## TASK DIRECTIONS
Provide an exact copy of the data, excluding the images.

## RECORD EXTRACTS

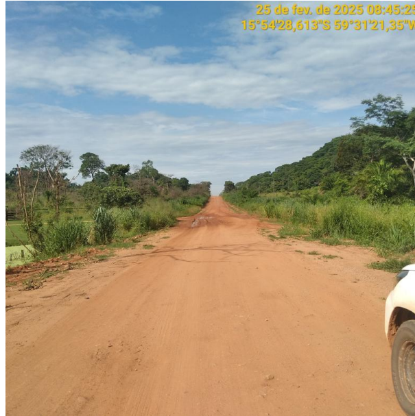
Foto 45 –Trecho não pavimentado MT-473 município de Pontes e Lacerda-MT.
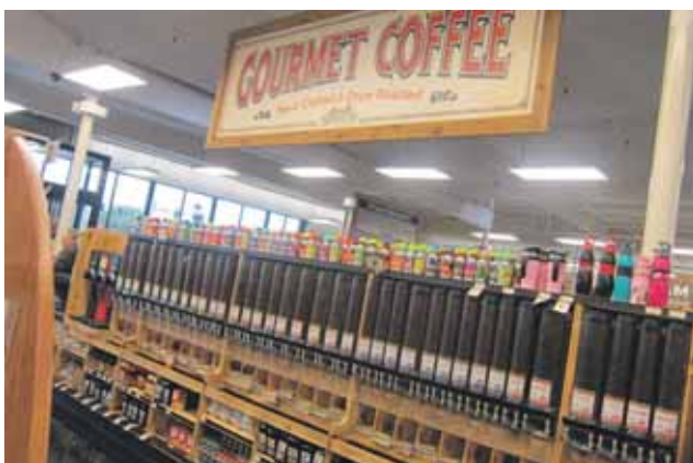
En nog een tap: koffiebonen. Ook wel eens gezien in een Nederlandse supermarkt. Maar niet zo: Amerikanen slagen erin om 36 verschillende smaken/brandingen te presenteren. Hemmes: "Die Amerikanen creëren zo een sterkere koffiecultuur dan wij, terwijl wij oorspronkelijk een sterkere koffiecultuur hebben."

Nee, Sprouts is bepaald niet de 'farmer's market' zoals wij ons dat voorstellen. ■
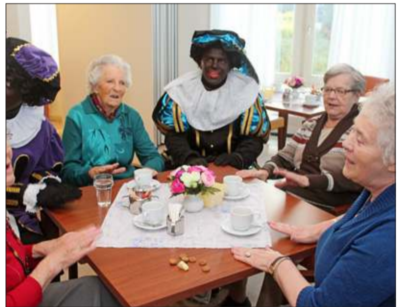
In Toutenburg in Maartensdijk vermaakten Pieten de aanwezigen met een cursus 'klappen op muziek'.
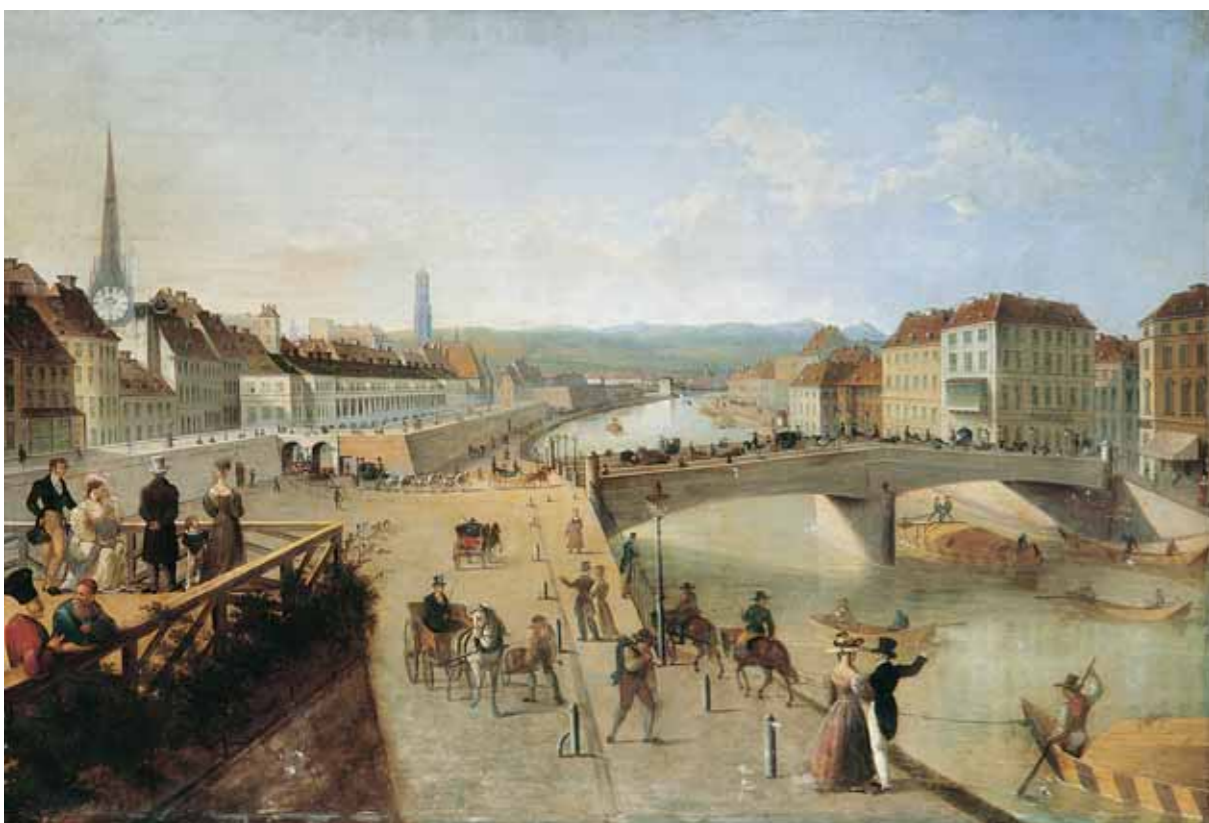
Г.Г.ЧЕРНЕЦОВ Мост Фердинанда в Вене. 1840 Металл, масло. 57,5×84

кюменскому областному музею изобразительных искусств нет еще и полвека, однако его коллекции интересны и многообразны. Гни представляют не только классическое русское и западноевропейское искусство, но и региональное: произведения местных живописцев XIX–XX веков, тобольскую резную кость, знаменитые тюменские ковры, объемную резьбу с растительными мотивами, типичными для деревянного зодчества кюмени, а также творчество народов Гбского иевера. Гдин из интереснейших разделов собрания – сибирские иконы.
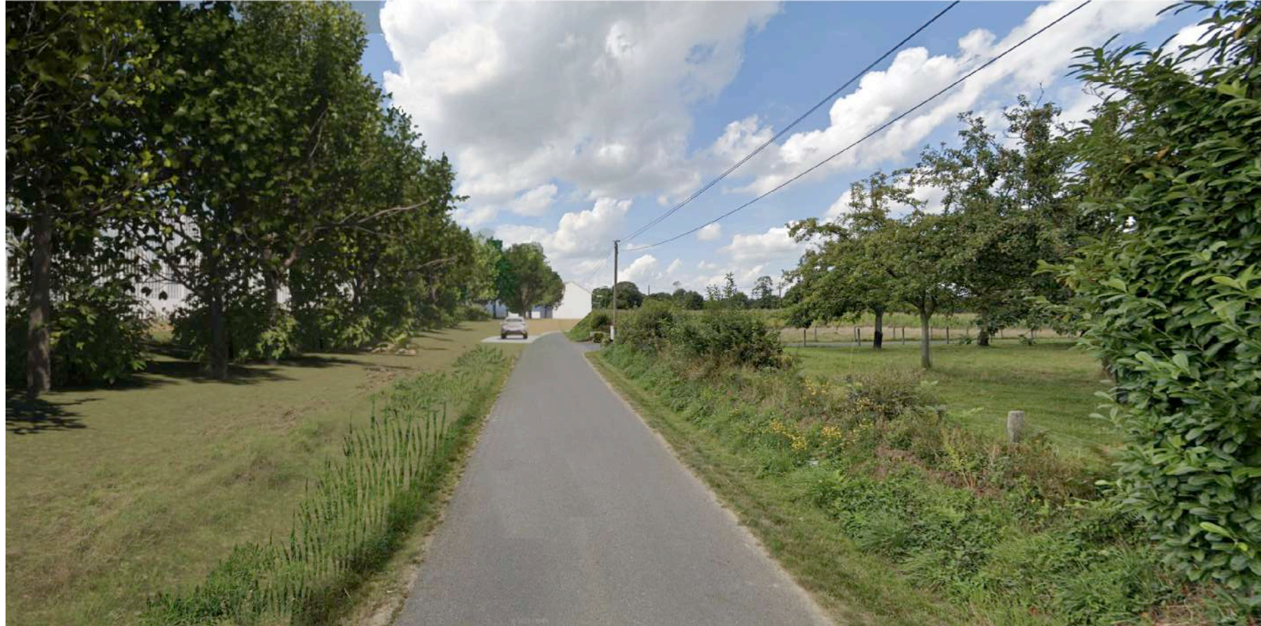
PC 6 Projet

## ANSWER
Foto 45 –Trecho não pavimentado MT-473 município de Pontes e Lacerda-MT.
En nog een tap: koffiebonen. Ook wel eens gezien in een Nederlandse supermarkt. Maar niet zo: Amerikanen slagen erin om 36 verschillende smaken/brandingen te presenteren. Hemmes: "Die Amerikanen creëren zo een sterkere koffiecultuur dan wij, terwijl wij oorspronkelijk een sterkere koffiecultuur hebben."

Nee, Sprouts is bepaald niet de 'farmer's market' zoals wij ons dat voorstellen. ■
In Toutenburg in Maartensdijk vermaakten Pieten de aanwezigen met een cursus 'klappen op muziek'.
Г.Г.ЧЕРНЕЦОВ Мост Фердинанда в Вене. 1840 Металл, масло. 57,5×84

кюменскому областному музею изобразительных искусств нет еще и полвека, однако его коллекции интересны и многообразны. Гни представляют не только классическое русское и западноевропейское искусство, но и региональное: произведения местных живописцев XIX–XX веков, тобольскую резную кость, знаменитые тюменские ковры, объемную резьбу с растительными мотивами, типичными для деревянного зодчества кюмени, а также творчество народов Гбского иевера. Гдин из интереснейших разделов собрания – сибирские иконы.
PC 6 Projet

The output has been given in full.